WHAT NEEDS TO BE DONE
Please write out exactly the lines from the opening of the listing through the line that holds "针对大数据专业学生,张春特别", including both, and nothing else; no pictures.
(SOURCE MATERIAL)
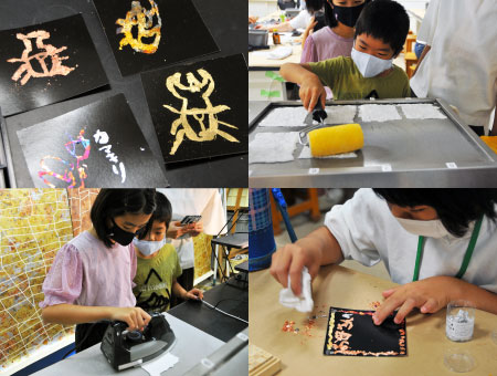 手すきではがきサイズの和紙を作ります。黒い台紙には模様やメッセージをギルディングで装飾し、ギルディングカードを作ります。
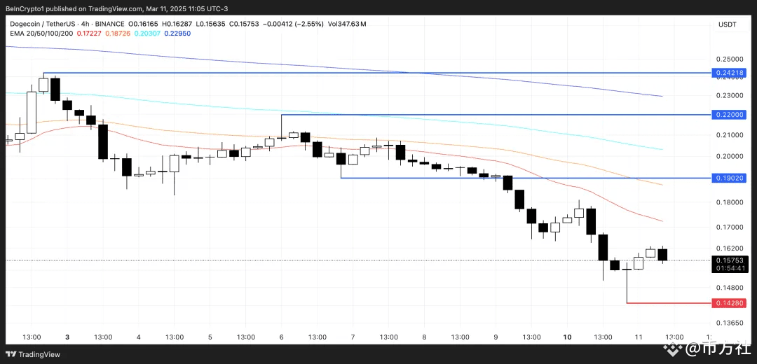 如果当前的下跌趋势延续,DOGE可能会测试0.142美元的关键支撑位。若该支撑位失守,DOGE可能自2024年10月以来首次跌破0.14美元,进一步下探更低水平。
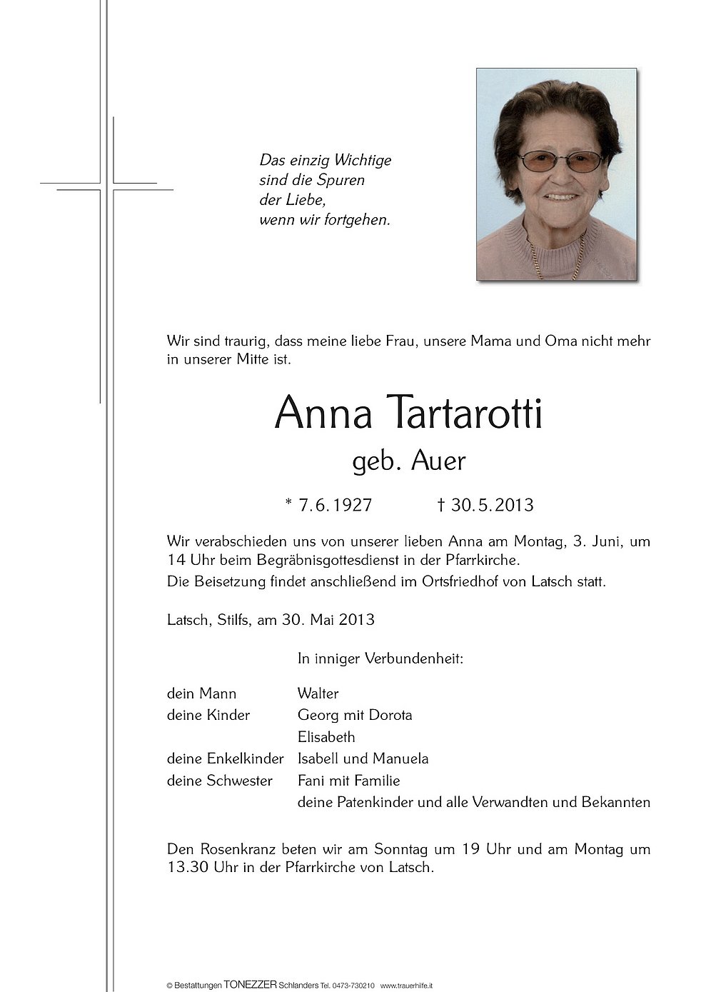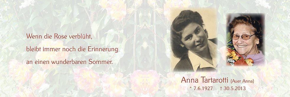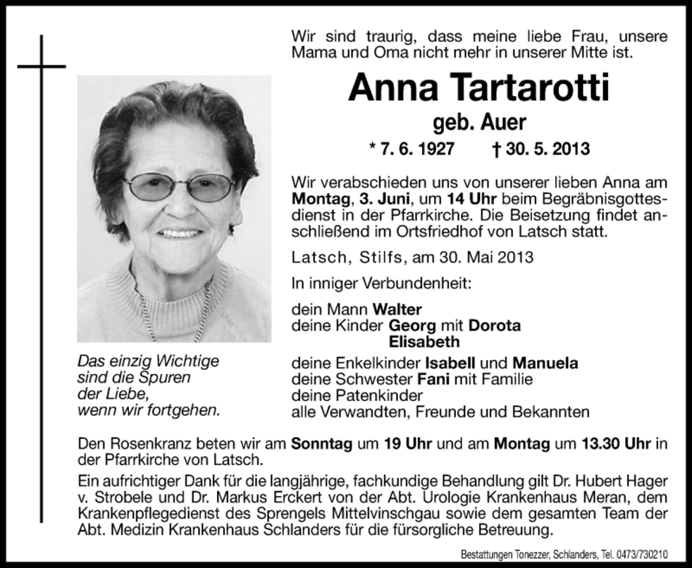 Wir verabschieden uns von unserer lieben Anna am Montag, 3. Juni, um 14 Uhr beim Begräbnisgottesdienst in der Pfarrkirche. Die Beisetzung findet anschließend im Ortsfriedhof von Latsch statt.
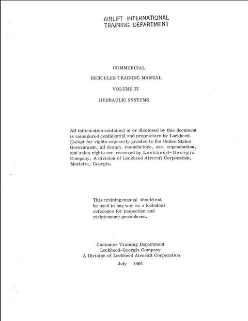 Sale $23.00| /Lockheed Jetstar Training Manual Volume 5A Hydraulic Systems A/C 5046-5055 (LHJETSTARHYD-MC)
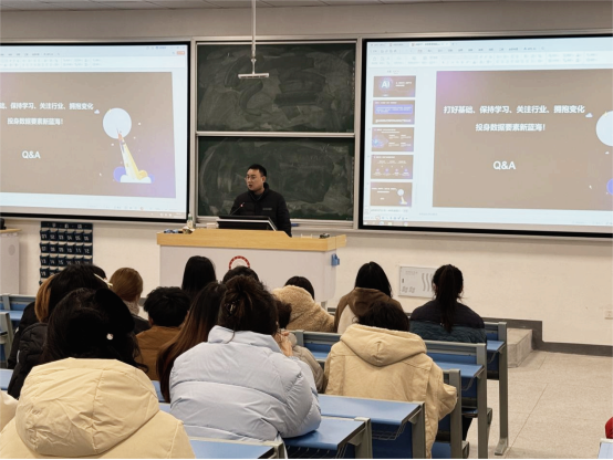 针对大数据专业学生,张春特别介绍了图联科技在财经、智慧工业等垂直领域的数据标注与AI训练数据服务业务,并与学生就业方向紧密结合。他鼓励学生在校期间夯实数据处理基础,积极学习AI相关知识,关注行业动态,提前规划职业生涯。
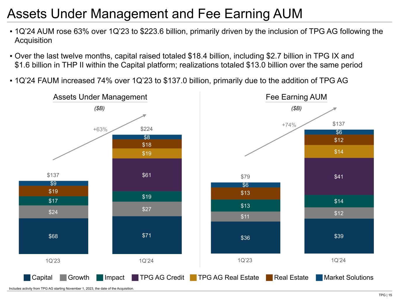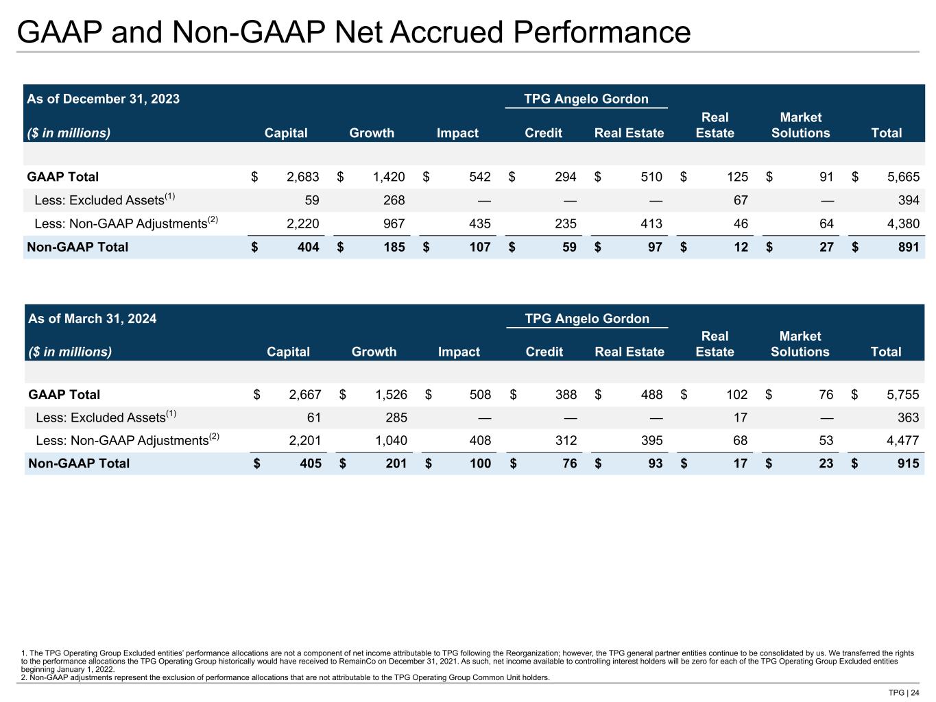 TPG | 23 GAAP and Non-GAAP Performance Allocations Includes activity from TPG AG starting November 1, 2023, the date of the Acquisition. 1. Includes certain TPG Operating Group Excluded entities whose performance allocations are not a component of net income attributable to TPG following the Reorganization; however, the TPG general partner entities continue to be consolidated by us. We transferred the rights to the performance allocations the TPG Operating Group historically would have received to RemainCo on December 31, 2021. As such, net income available to controlling interest holders will be zero for each of the TPG Operating Group Excluded entities beginning January 1, 2022. 2. Non-GAAP adjustments represent the exclusion of performance allocations that are not attributable to the TPG Operating Group Common Unit holders. Three Months Ended March 31, 2024 GAAP Less: GAAP GAAP Less: Non-GAAP Non-GAAP ($ in thousands) Total(1) Unrealized Realized Adjustments(2) Realized Capital $ 70,574 $ (16,331) $ 86,905 $ 68,632 $ 18,273 Growth 106,621 106,621 — — — Impact 20,729 (34,315) 55,044 43,426 11,618 TPG AG TPG AG Credit 101,728 94,776 6,952 5,336 1,616 TPG AG Real Estate (21,901) (22,126) 225 180 45 Real Estate 26,892 (22,787) 49,679 49,679 — Market Solutions (15,000) (15,000) — — — Total $ 289,643 $ 90,838 $ 198,805 $ 167,253 $ 31,552 Last Twelve Months Ended March 31, 2024 GAAP Less: GAAP GAAP Less: Non-GAAP Non-GAAP ($ in thousands) Total(1) Unrealized Realized Adjustments(2) Realized Capital $ 275,666 $ (80,130) $ 355,796 $ 283,010 $ 72,786 Growth 184,047 145,927 38,120 37,078 1,042 Impact 158,124 99,846 58,278 45,977 12,301 TPG AG TPG AG Credit 241,093 150,904 90,189 83,021 7,168 TPG AG Real Estate (33,939) (36,038) 2,099 1,665 434 Real Estate (38,198) (89,195) 50,997 50,733 264 Market Solutions (4,609) (37,407) 32,798 26,239 6,559 Total $ 782,184 $ 153,907 $ 628,277 $ 527,723 $ 100,554
(End SOURCE MATERIAL)
WRITTEN ANSWER
 手すきではがきサイズの和紙を作ります。黒い台紙には模様やメッセージをギルディングで装飾し、ギルディングカードを作ります。
 如果当前的下跌趋势延续,DOGE可能会测试0.142美元的关键支撑位。若该支撑位失守,DOGE可能自2024年10月以来首次跌破0.14美元,进一步下探更低水平。
 Wir verabschieden uns von unserer lieben Anna am Montag, 3. Juni, um 14 Uhr beim Begräbnisgottesdienst in der Pfarrkirche. Die Beisetzung findet anschließend im Ortsfriedhof von Latsch statt.
 Sale $23.00| /Lockheed Jetstar Training Manual Volume 5A Hydraulic Systems A/C 5046-5055 (LHJETSTARHYD-MC)
 针对大数据专业学生,张春特别介绍了图联科技在财经、智慧工业等垂直领域的数据标注与AI训练数据服务业务,并与学生就业方向紧密结合。他鼓励学生在校期间夯实数据处理基础,积极学习AI相关知识,关注行业动态,提前规划职业生涯。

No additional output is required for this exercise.